35P - Targeting the secreted gelsolin-DNGR-1 dendritic cell axis to enhance anti-cancer therapies

Background

Type 1 conventional dendritic cells (cDC1) are professional antigen presenting cells and play a critical role in priming cytotoxic CD8⁺ T cells. DNGR-1 (a.k.a. CLEC9A) is a dedicated cDC1 receptor that binds to F-actin exposed on necrotic cells, signalling to enhance cross-presentation of dead-cell associated antigens. We have recently shown that secreted gelsolin (sGSN), a plasma protein, acts as a negative regulator of DNGR-1 function and dampens anti-cancer immunity (Giampazolias et al. Cell 2021). Here, we investigated the effects of loss of sGSN on various anti-cancer therapies.

Methods

In vivo therapy models were established in C57BL/6 mice: Rag1 ^–/– (no T/B cells), Batf3 ^–/– (no cDC1s), sGsn ^–/–, sGsn ^–/– Clec9 ^agfp/gfp and WT (wildtype). Transplantable cell lines used included MCA-205 fibrosarcoma, 5555 BrafV600E melanoma and B16-F10 LA-OVA-mCherry melanoma. Mice received doxorubicin (intratumoural), BRAF-inhibitor PLX4720 (oral gavage), or X-ray irradiation. Bioinformatic analysis of human cancer datasets was done using TCGA Pan-cancer Atlas.

Results

First, we confirmed that tumour control following various therapies requires an immunocompetent host as efficacy was markedly reduced in Rag1 ^–/– compared to WT mice: (i) MCA-205 + doxorubicin, (ii) 5555 Braf^V600E + PLX4720, and (iii) B16-F10 LA-OVA-mCherry + X-ray. Consistently across all these immunogenic therapeutic modalities, loss of sGSN significantly enhanced tumour control compared to treated WT controls. We proved that this is an on-target effect as mice deficient in both sGSN and DNGR-1 behaved similarly to WT mice following therapy. Interrogating n=31 TCGA datasets of solid tumours, we noted that high expression of CLEC9A is associated with better survival in several cancer subtypes.

Conclusions

Utilising preclinical models, we show that mice deficient in sGsn display enhanced responsiveness to chemotherapy, targeted therapy and radiotherapy. Tumours enriched in DNGR-1 may be potential avenues where targeting sGSN could be impactful. Further prospective studies are warranted to identify patients who may benefit most from inhibition of sGSN function to unleash DNGR-1-dependent cross-presentation as a component of more effective combinatorial treatment regimens.

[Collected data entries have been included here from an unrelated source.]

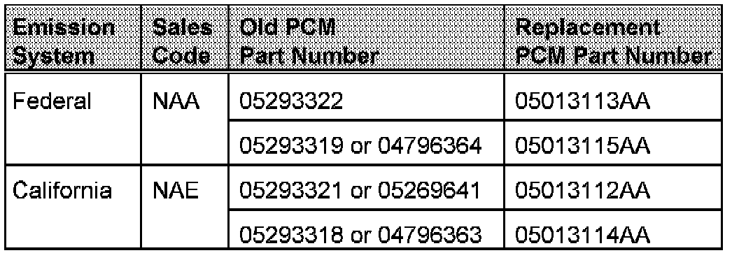 If the PCM part number for the vehicle that you are working on is NOT listed in the "Old PCM Part Number" column, it can be flash programmed to the replacement PCM part number. The only PCM's that require replacement are those listed in the "Old PCM Part Number" column.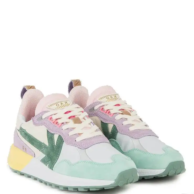 Zapatillas deportivas elaboradas en combinación de piel y textil en diferentes colores. Suela de goma bicolor.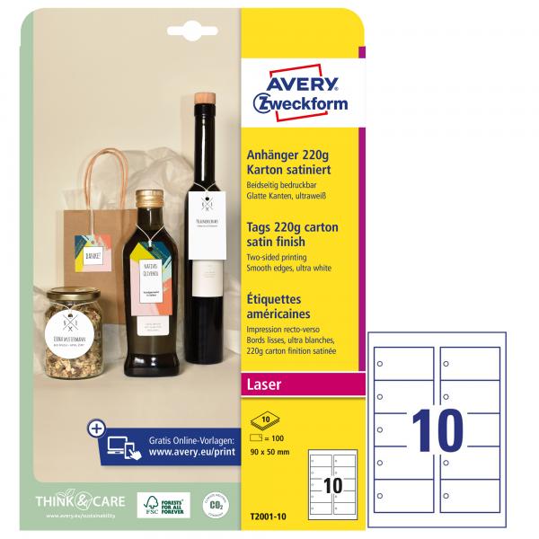 Cartellini stampabili con bordi lisci bianchi 90x50mm 10fg (10cart/fg) Avery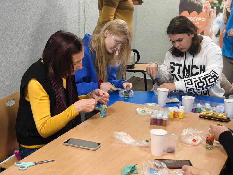 Учасники власноруч виготовляли гелеві свічки, додаючи у них улюблені кольори й аромати. Така творча робота допомагає зняти напругу, заспокоїтися й відчути внутрішній ресурс.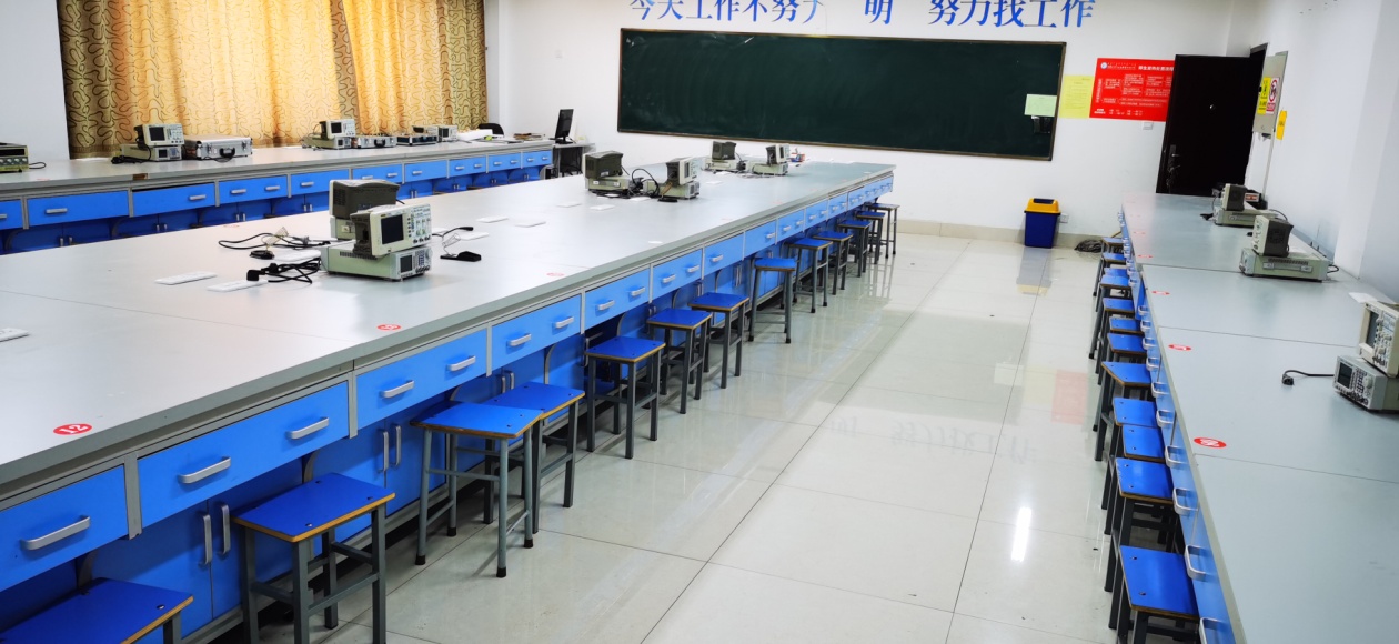 实验室配稳压电源、示波器、信号发生器等电路测试设备。通过在实验室里教师开设以项目制作为主的教学内容。通过此过程学生能进行电子产品焊接、组装和调试。更好培养基本电子元件识别与检测、典型电路图识别、常用仪器使用。

Clinical trial identification

Editorial acknowledgement

Legal entity responsible for the study

Kok Haw Jonathan Lim and Caetano Reis e Sousa are legally responsible for the governance, coordination and running of the study. K.H.J.L., E.G., O.S., N.C.R. and C.R.S. are named as contributors/inventors on a patent application on the use of sGSN for immunotherapies.

Funding

The Francis Crick Institute, which receives core funding from Cancer Research UK (FC001136), the UK Medical Research Council (FC001136), and the Wellcome Trust (FC001136); an ERC Advanced Investigator grant (AdG 268670); a Wellcome Investigator Award (106973/Z/15/Z); and a prize from the Louis-Jeantet Foundation. K.H.J.L is supported by a Wellcome Imperial 4i Clinical Research Fellowship (216327/Z/19/Z). This research was funded in whole, or in part, by the Wellcome Trust (grants FC001136, 106973/Z/15/Z, and 216327/Z/19/Z).

Disclosure

C. Reis e Sousa: Financial Interests, Personal and Institutional, Member of the Board of Directors, Founder, advisor, stockholder, recipient of research grant: Adendra Therapeutics; Financial Interests, Personal, Advisory Role, Owns stock options and/or paid consultant: Bicara Therapeutics, Montis Biosciences, Bicycle Therapeutics, Sosei Heptares. All other authors have declared no conflicts of interest.